I need an urgent help with regard to a specific issue. I have lodged an application for state sponsorship for Western Australia under subclass 190. 

My occupation is Real Estate Representative. This is in schedule 2 of CSOL list. 

Can anyone tell me whether I need a job offer while applying for schedule 2 occupation or is it fine if I don't have job offer? (As I have heard that for occupations in schedule 2 must have job offer....)

Friends who have been through this kind of situation pls help as this is very crucial for next phase.... 

Shashin


----------



## Guest (Nov 1, 2013)

I can't find your occupation on their list which would mean you cant apply unless you are living there with a job offer.


----------



## mithu93ku (May 30, 2013)

shjuthani said:


> Hi All senior members of forum,
> 
> I need an urgent help with regard to a specific issue. I have lodged an application for state sponsorship for Western Australia under subclass 190.
> 
> ...


Occupations in schedule 2 of WA need job offer for state nomination application.


----------



## mithu93ku (May 30, 2013)

_shel is right. Your occupation is not in WA Occupations in demand list which was updated October 28, 2013.

http://www.migration.wa.gov.au/skilledmigration/Pages/Occupationsindemand.aspx


----------



## shjuthani (Nov 27, 2012)

Thank you all for your valuable inputs...

Shel, you are right that my occupation is not available in WASMOL now but was in list when I applied a month before.

I just wanted to know if I don't have job offer, will I get positive or negative result...


----------



## mithu93ku (May 30, 2013)

shjuthani said:


> Thank you all for your valuable inputs...
> 
> Shel, you are right that my occupation is not available in WASMOL now but was in list when I applied a month before.
> 
> I just wanted to know if I don't have job offer, will I get positive or negative result...


If you have applied one month ago, you would not get negative results for this change of in demand list unless you fail to meet others criteria of state nomination.


----------



## shjuthani (Nov 27, 2012)

mithu93ku said:


> Occupations in schedule 2 of WA need job offer for state nomination application.


Thank mithu93ku for your prompt reply. 

Can you tell me whether this condition was previously applicable (before occupation list revision on 28th October 2013)?


----------



## mithu93ku (May 30, 2013)

shjuthani said:


> Thank mithu93ku for your prompt reply.
> 
> Can you tell me whether this condition was previously applicable (before occupation list revision on 28th October 2013)?

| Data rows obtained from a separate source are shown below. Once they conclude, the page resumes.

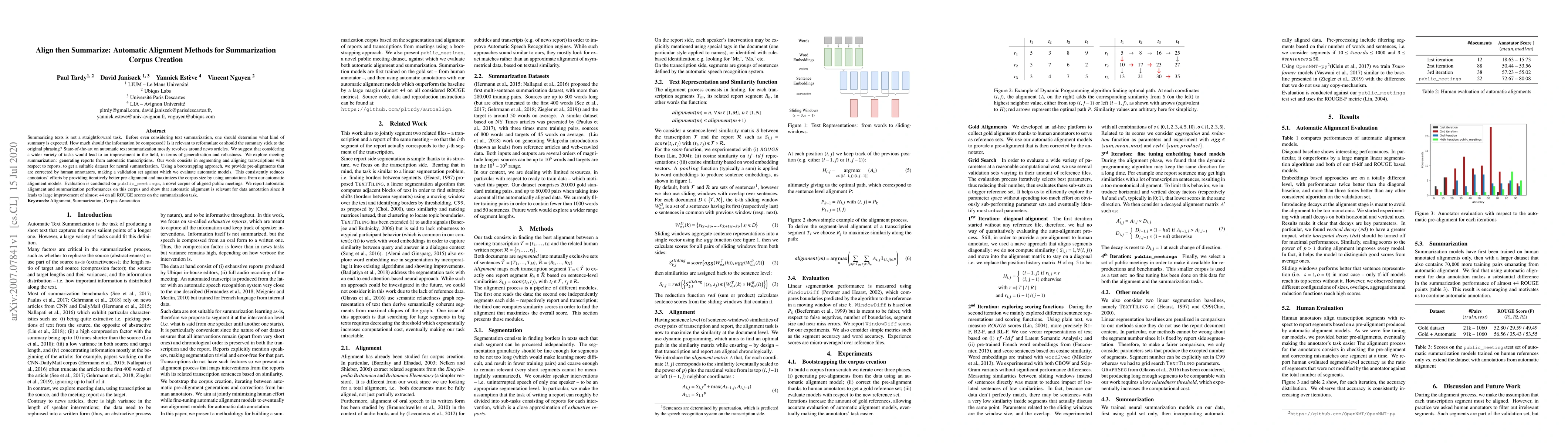 Summarizing texts is not a straightforward task. Before even considering text summarization, one should determine what kind of summary is expected. How much should the information be compressed? Is it relevant to reformulate or should the summary stick to the original phrasing? State-of-the-art on automatic text summarization mostly revolves around news articles. We suggest that considering a wider variety of tasks would lead to an improvement in the field, in terms of generalization and robustness. We explore meeting summarization: generating reports from automatic transcriptions. Our work consists in segmenting and aligning transcriptions with respect to reports, to get a suitable dataset for neural summarization. Using a bootstrapping approach, we provide pre-alignments that are corrected by human annotators, making a validation set against which we evaluate automatic models. This consistently reduces annotators' efforts by providing iteratively better pre-alignment and maximizes the corpus size by using annotations from our automatic alignment models. Evaluation is conducted on \publicmeetings, a novel corpus of aligned public meetings. We report automatic alignment and summarization performances on this corpus and show that automatic alignment is relevant for data annotation since it leads to large improvement of almost +4 on all ROUGE scores on the summarization task.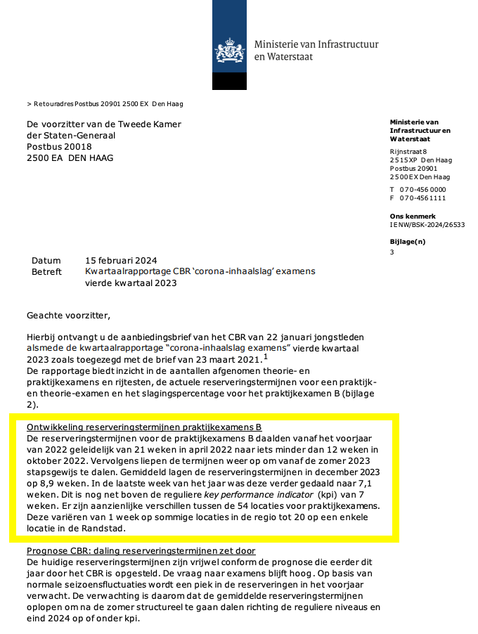 In zowel 2023 als 2024 informeerde de verantwoordelijke minister van Ministerie van Infrastructuur en Waterstaat de Tweede Kamer dat het CBR ernaar streefde om “per jaarultimo” weer aan de kpi te voldoen. Die belofte werd volstrekt niet waargemaakt. De wachttijden bleven oplopen en overschreden structureel de norm.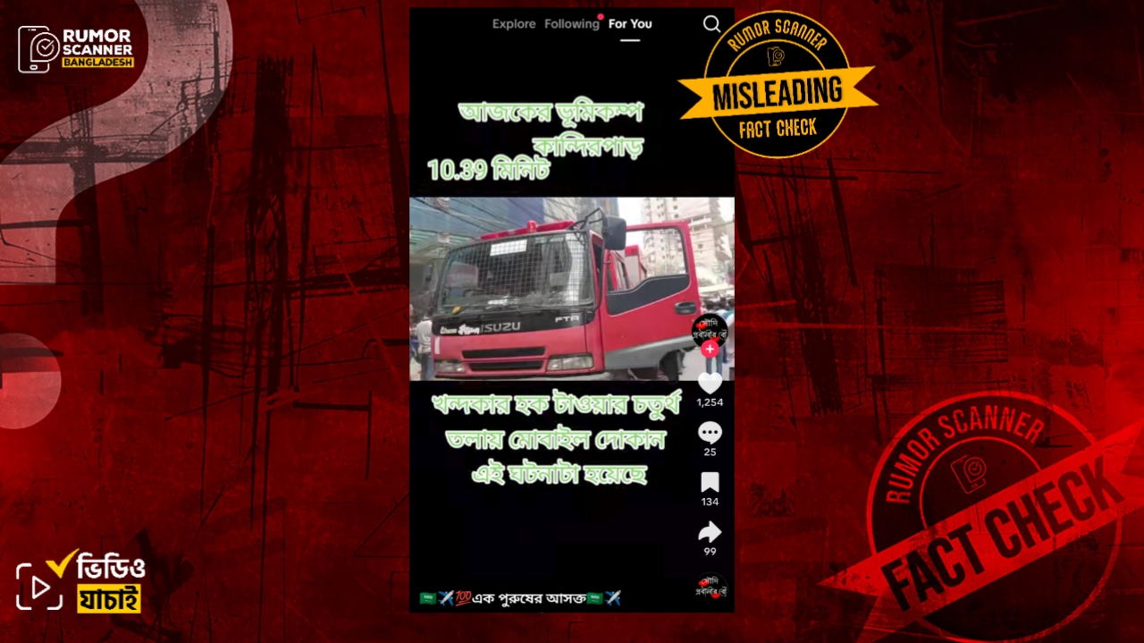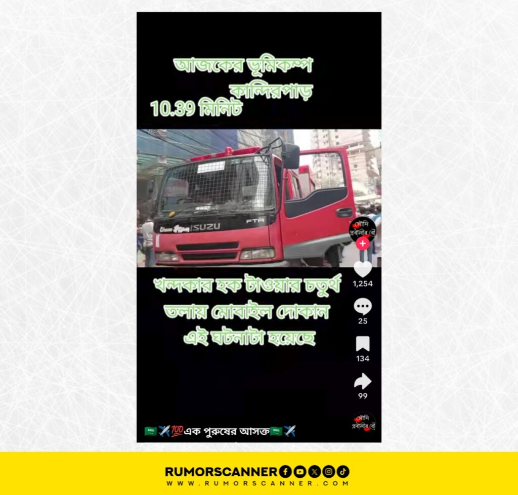 রিউমর স্ক্যানার টিমের অনুসন্ধানে জানা যায়, কুমিল্লার খন্দকার হক টাওয়ারে আগুন লাগার এই ভিডিওটি সাম্প্রতিক সময়ের নয় এবং এর সাথে ভূমিকম্পেরও সম্পর্ক নেই। প্রকৃতপক্ষে, গত সেপ্টেম্বরে শপিংমলটির একটি মোবাইল দোকানে আগুন লাগার ঘটনাকে উক্ত দাবিতে প্রচার করা হয়েছে।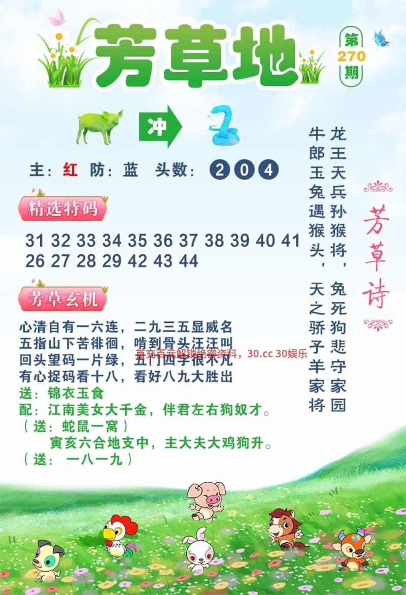 芳草诗:三零四六为正码,二八横空二点四。啸一声心惊胆跳,龙前牛后中间二。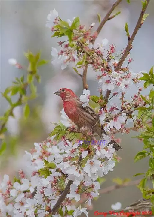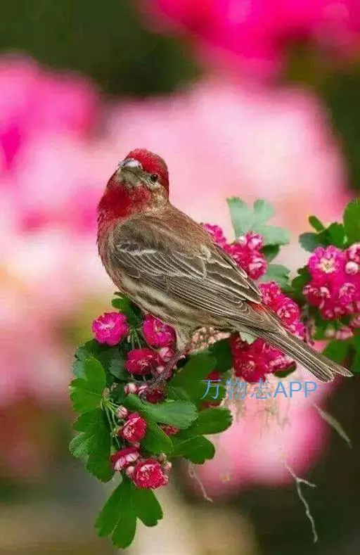 北朱雀,是燕雀科朱雀属鸟类。雄鸟额和头顶前部珠白色具窄的粉红色羽缘,…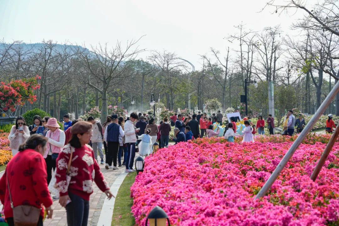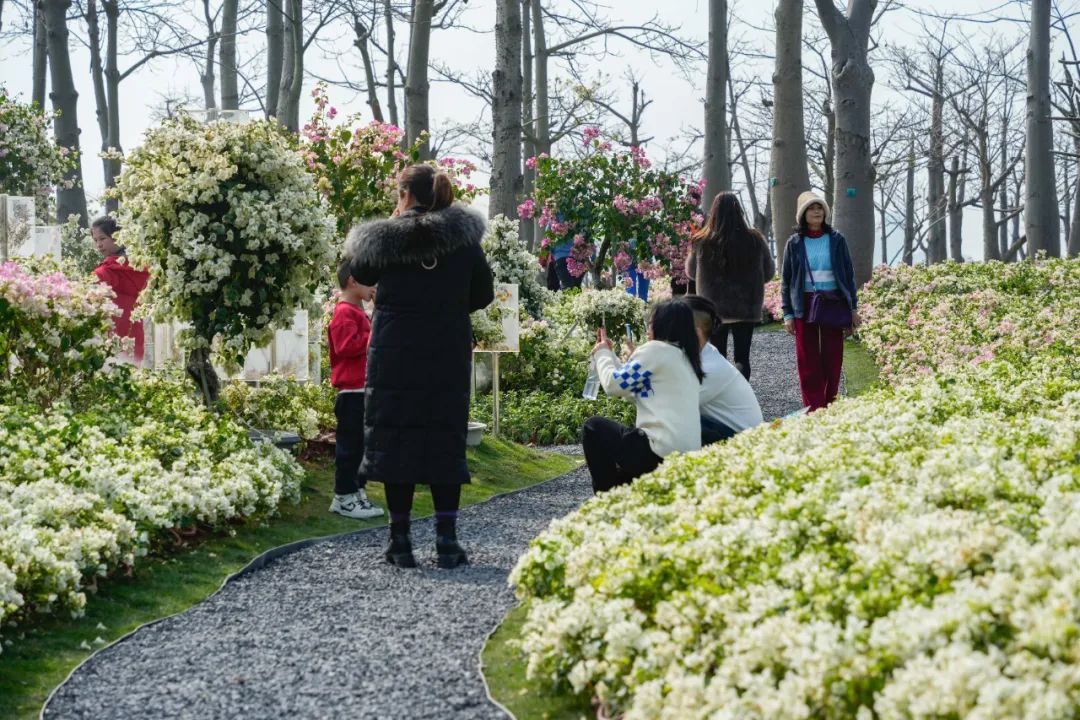 其中,花海長(zhǎng)廊的簕杜鵑園成為熱門(mén)打卡地,色彩斑斕的花朵絢爛盛放,設(shè)計(jì)師將靈感奇思揉進(jìn)景觀空間四個(gè)分區(qū),占地總面積達(dá)5000平方米,打造冰天雪地-粉妝玉砌-紅妝素裹-前橙似錦四大板塊的簕杜鵑專類(lèi)展園,引來(lái)大量游客前來(lái)拍照打卡。

All applications before 28th October 2013, would not be affected by the changed condition.


----------



## nsahmed (Jul 17, 2011)

I applied for state nomination (ACT in my case) and my occupation was in SOL 2 .. i didnt need a job offer to be successful .. not sure if its the same for your state.


----------



## mithu93ku (May 30, 2013)

nsahmed said:


> I applied for state nomination (ACT in my case) and my occupation was in SOL 2 .. i didnt need a job offer to be successful .. not sure if its the same for your state.



This is for WA ss. See the link..

http://www.migration.wa.gov.au/skilledmigration/Pages/HowtoapplyforStateSponsorship.aspx
Where states.......


> *Offer of employment *
> If you are invited to make an application for State nomination from Western Australia you may require an offer of employment. This is a requirement for those who have studied in Australia and are a recent graduate, or live in an Australian state other than Western Australia. This is also a requirement for applicants with an occupation on the Western Australian skilled migration occupation list schedule 2 (off list).
> The offer of employment must meet all of the following conditions:
> 
> ...


----------



## balaji_dayalan (Sep 13, 2013)

mithu93ku said:


> This is for WA ss. See the link..
> 
> http://www.migration.wa.gov.au/skilledmigration/Pages/HowtoapplyforStateSponsorship.aspx
> Where states.......



Hi Mithun and others,

I am applying for WA under visa 190 . my occupation list comes under CSOL ICT project manager - schedule 2 . 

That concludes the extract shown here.